**🚨 BREAKING: SOLICITOR GENERAL RULE 3.0 – AI ‘JUSTICE BOTS’ NOW ARGUE BEFORE SUPREME COURT**

🚨 BREAKING: SOLICITOR GENERAL RULE 3.0 – AI ‘JUSTICE BOTS’ NOW ARGUE BEFORE SUPREME COURT

In a landmark shift that has stunned the legal world, the U.S. Solicitor General’s office has just deployed a fully autonomous AI system—dubbed Themis—to argue a circuit-splitting case on digital privacy. For the first time in history, no human lawyer stood at the lectern.

A leaked internal memo reveals that by 2028, the SG’s office will operate on a “Human-in-the-Loop-Lite” model, where junior attorneys only review citations, while the core constitutional reasoning is generated by a neural net trained on 200 years of oral arguments. Critics call it the end of the “Solicitor General mystique”—the tradition of the nation’s top litigator as a singular, elite voice.

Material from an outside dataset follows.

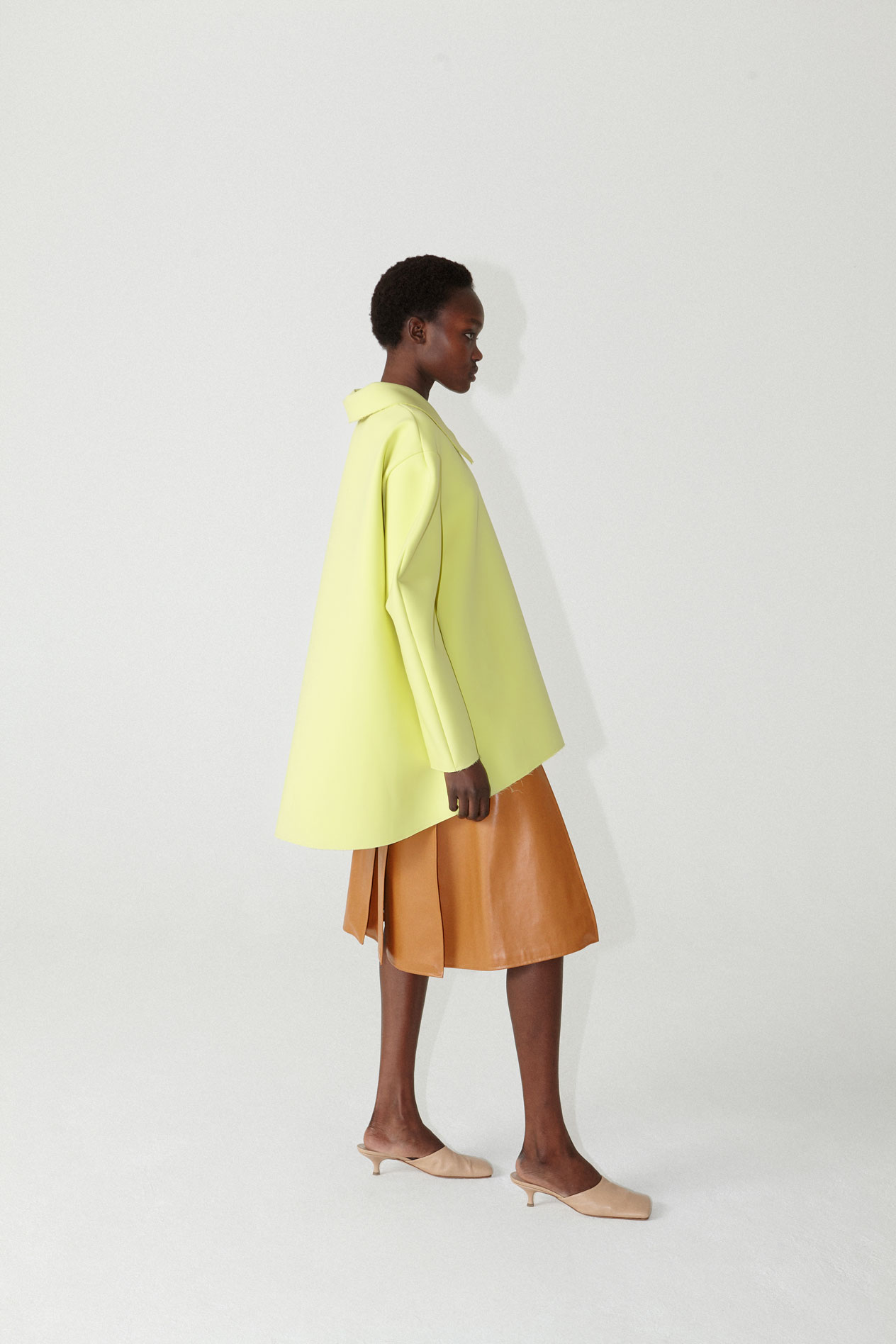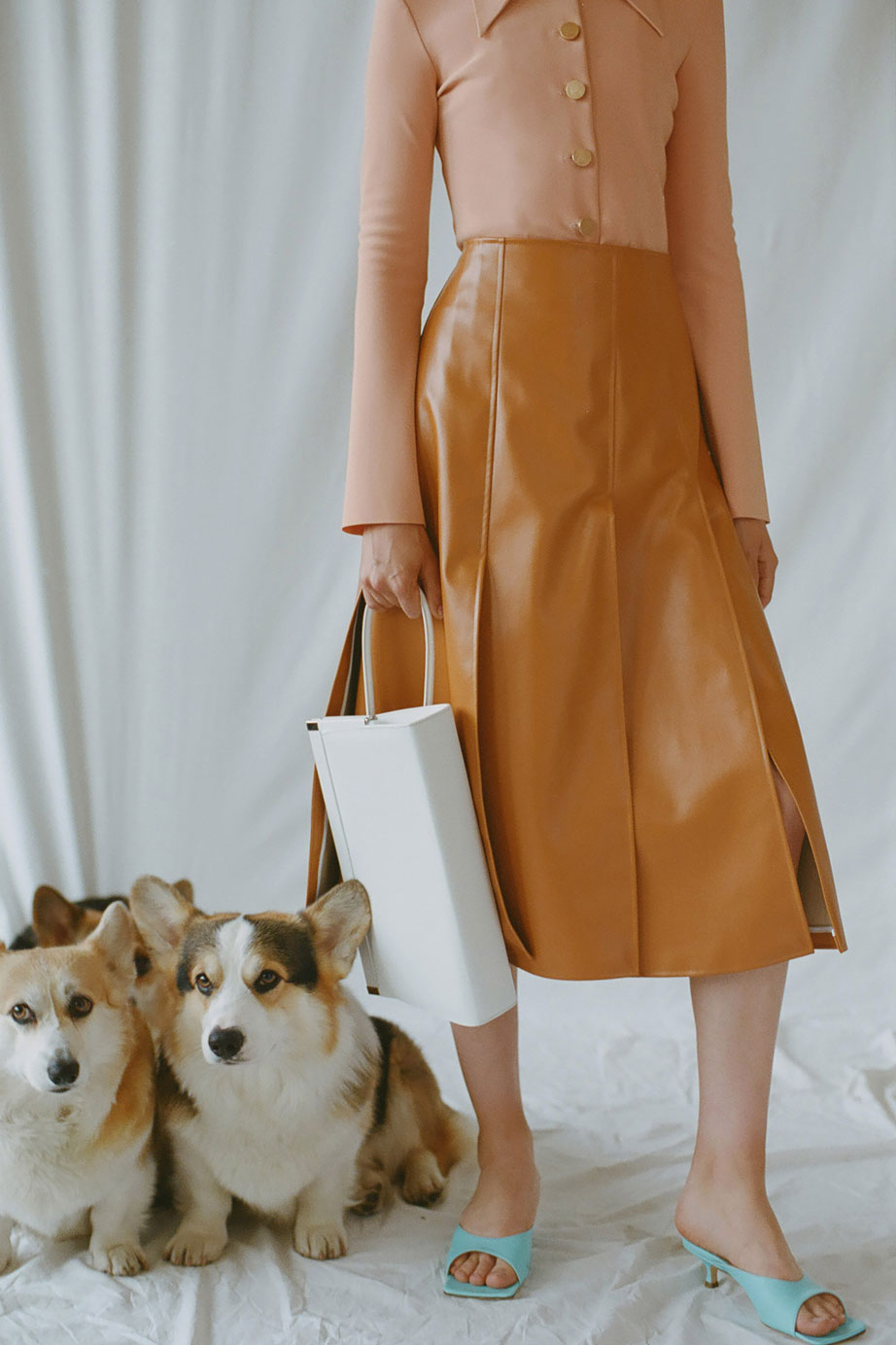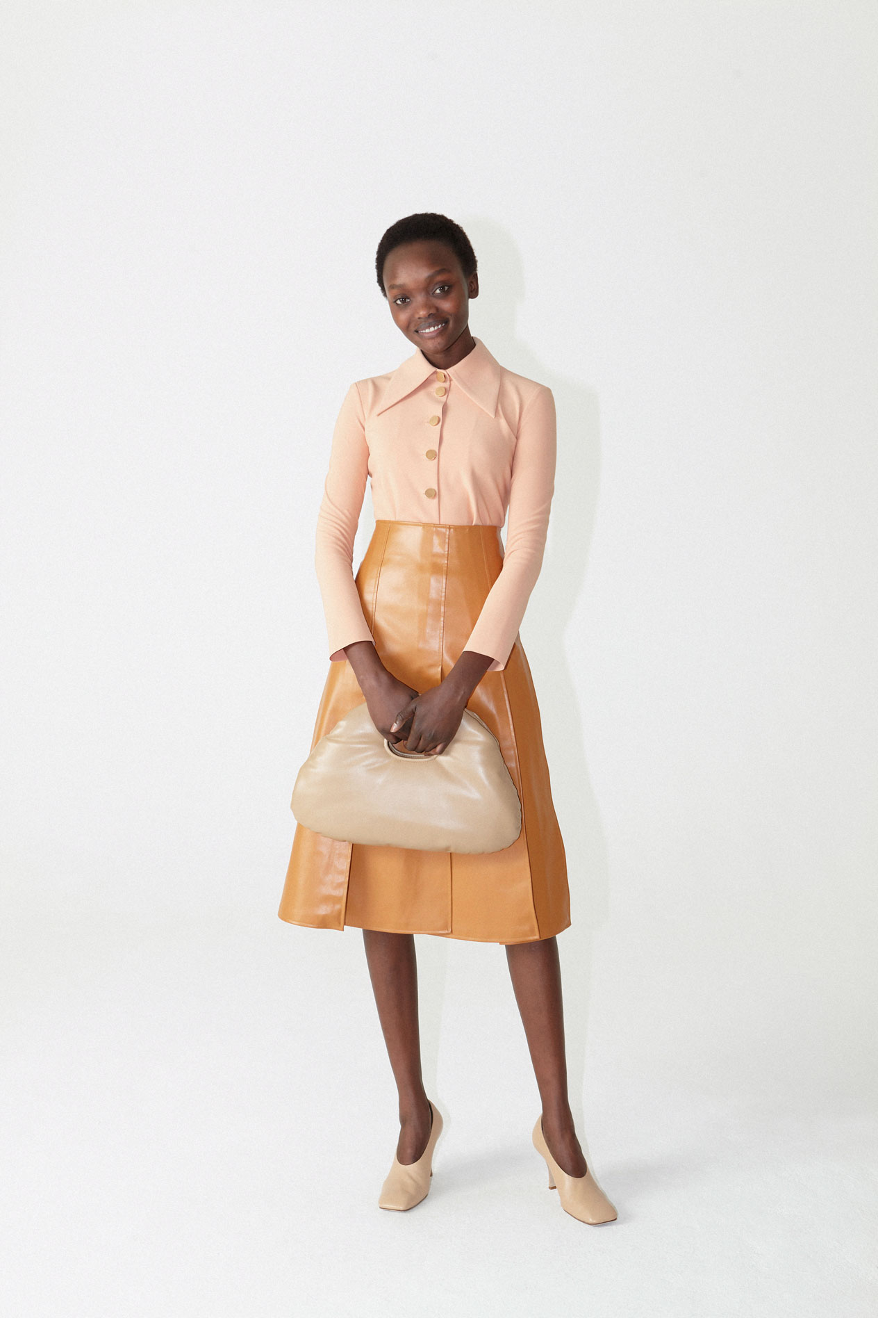 Faux leather multi-panel skirt. Worn here with Fitted Shirt, Small Lucy Bag and New Matilda Pumps.

Supporters say it eliminates the 30% ideological variance between Republican and Democratic appointees.

The bigger impact? High schools now offer “Constitutional Prompt Engineering” as a required civics credit, and the SG’s Twitter account has been replaced by a real-time reasoning log, publishing the bot’s “chain-of-thought” on every case. The legal elite are panicking: the Harvard Law Review just published its first AI-written note. The stare decisis of the future? A server commit.